Leave Seeds for Birds
Any seeds you’re not going to use should be thrown to the birds. If you aren’t planting cover crops, seeds on the bare soil or mulch can encourage birds to spend time there. Their leavings will enhance your garden, even if only a little. Any is better than none.
Be sure to complete your gardener’s notes for the season and to fill in what you did during the fall. Your notebook is your record of what was planted where, how it did, and what you did or didn’t do that might improve it next time. It also gives you something to do to keep your green thumb active during the winter months. Here’s a really great gardening journal.
Crop rotation, cover crops (see below), and amendments (see below) can all help treat current and future pest infestations. Some pests are only abundant in the fall, such as late-appearing grasshoppers or the caterpillars of spring butterflies that fatten up before winter. If these are a problem for your area, there are many options for fall treatments.
Fall Cover Crops
Likely the most overlooked option for fall gardening, cover crops (or cool weather crops) can greatly enhance your garden’s health and vitality. Several options are available, depending on your climate zone, and crops can be tuned to do anything from providing extra organic matter in the spring to adding nitrogen to your soil.

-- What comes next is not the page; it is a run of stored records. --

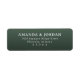 Cette étiquette d'adresse de retour présente un design épuré et minimaliste avec un fond vert foncé et un texte blanc net. La mise en page est simple et centrée, mettant en valeur une police sans empattement moderne qui met l'accent sur la clarté et l'élégance. Parfaite pour ceux qui apprécient l'esthétique simple, cette étiquette allie fonctionnalité et touche professionnelle, ce qui la rend idéale pour une correspondance formelle ou des occasions spéciales où une présentation soignée est souhaitée.
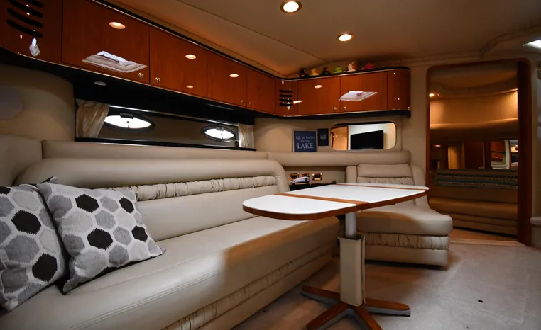 Freshwater / Great Lakes boat since new this vessel features Twin Caterpillar 3208 435-hp Diesel Engine's. Notable features include but are not limited to the following: Air-Conditioning & Heat (2-Units), (2) Heads (Vacuflush) w/Vanity/Sink/Stall-Shower, Cherry Cabinetry, Windlass Anchor w/Forward Pedal-Controls (Note Forward Freshwater Washdown), Hydraulic Swim-Platform, Canvas Package (Forward Convertible-Top w/Forward / Side-Windows / Aft Convertible-Top w/3-Piece Slant-Back Rear), Cockpit Wet Bar w/Sink, Westerbeke 8.0kw Generator, NEW 2025 Electronics Package (Garmin GPSMAP 1643 MFD w/GPS/Chartplotter, Garmin GPSMAP 943 XSV w/Autopilot Interface, Garmin VHF 115 Marine Radio, Starlink w/Seaview-Mount (Professional Install), Premium Fusion Sound System w/(2) Sub-Woofers/AMP/Wired Remote-Control (Note Bluetooth) - Extensive JL-Audio Speakers Throughout Cockpit / Swim-Platform - Note Interface NEMA2000 w/Garmin MFD, and MUCH more!
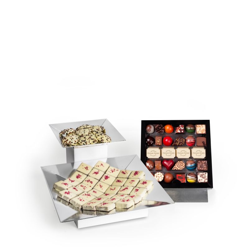 Eine Reihe von KARMELLO STANDARD-Pralinen, die so zusammengestellt sind, dass Sie die herausragendsten Aromen unserer Produkte kennenlernen können, beginnend mit subtilen, nussigen Noten, endend mit starken Alkoholaromen. COOKIES sind der Geschmack würziger Noten, eingeschlossen in der Süße weißer Schokolade. Ergänzt wird das Set durch ROSENPRALINEN - seidige, cremige Füllung kombiniert mit einem dezenten Rosenaroma in Begleitung von weißer Schokolade.
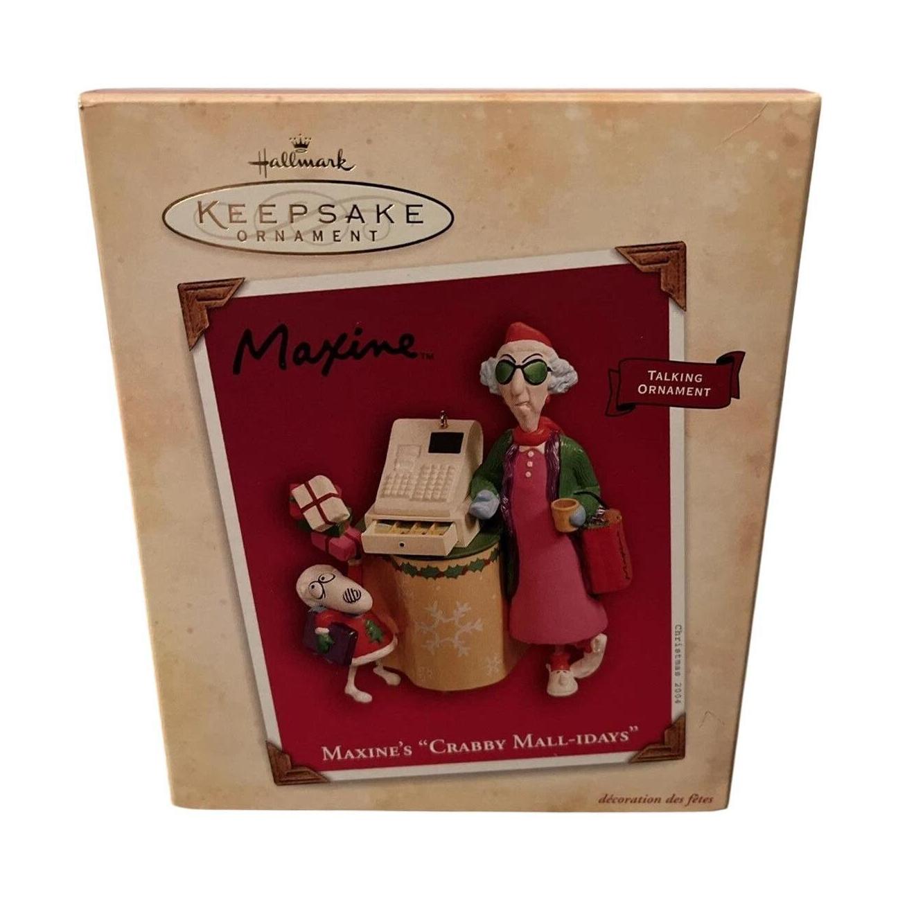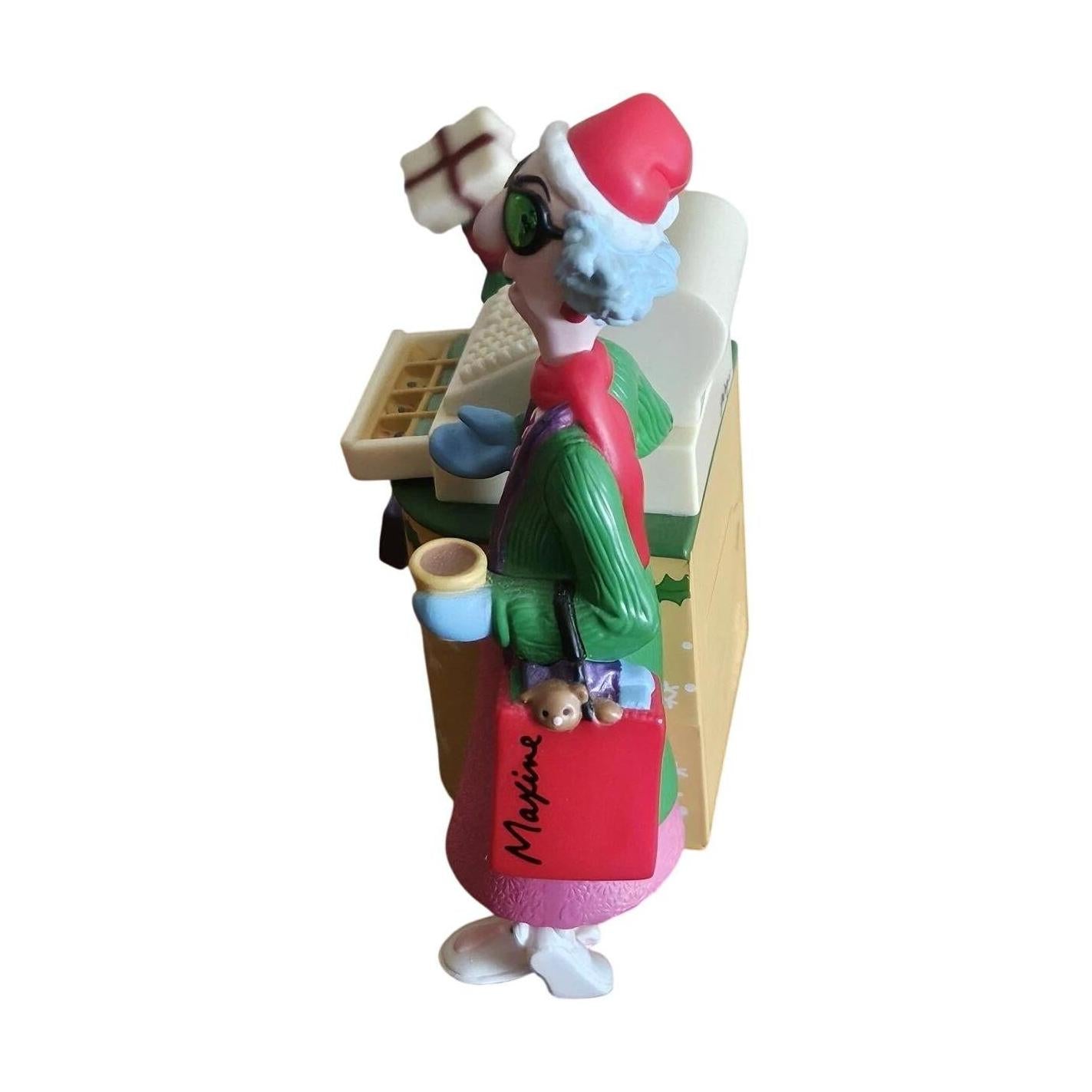 Maxine takes on holiday shopping in Maxine’s Crabby Mall-idays, a talking ornament from 2004 that captures her sarcastic spirit at the mall register. When you press the cash register drawer, she delivers over ten wisecracks, including quips about the cost of Christmas. This multicolored mixed-material keepsake arrives in its original box, uses batteries (included), and requires no cords—just hang where you want your tree to get a dose of humor.

As mentioned above in composting, soil amendments in the fall are a great way to enhance your soil’s health before spring planting comes around. Check your local garden center for available options. Many amendments are specifically meant for fall addition and are best added when no food crops are present. Lime is a good example of this.
Fall Planter Maintenance
If you have window or porch planters, now is the time to clean them out and prepare them for storage. Leaving the soil in them over the winter, exposed, is generally a bad idea and the soil in containers should be replaced (or heavily amended) annually anyway. Often the best solution is to add the soil to your winter compost heap.
Other Fall Gardening Resources:
Oklahoma State University – Fall Gardening [PDF]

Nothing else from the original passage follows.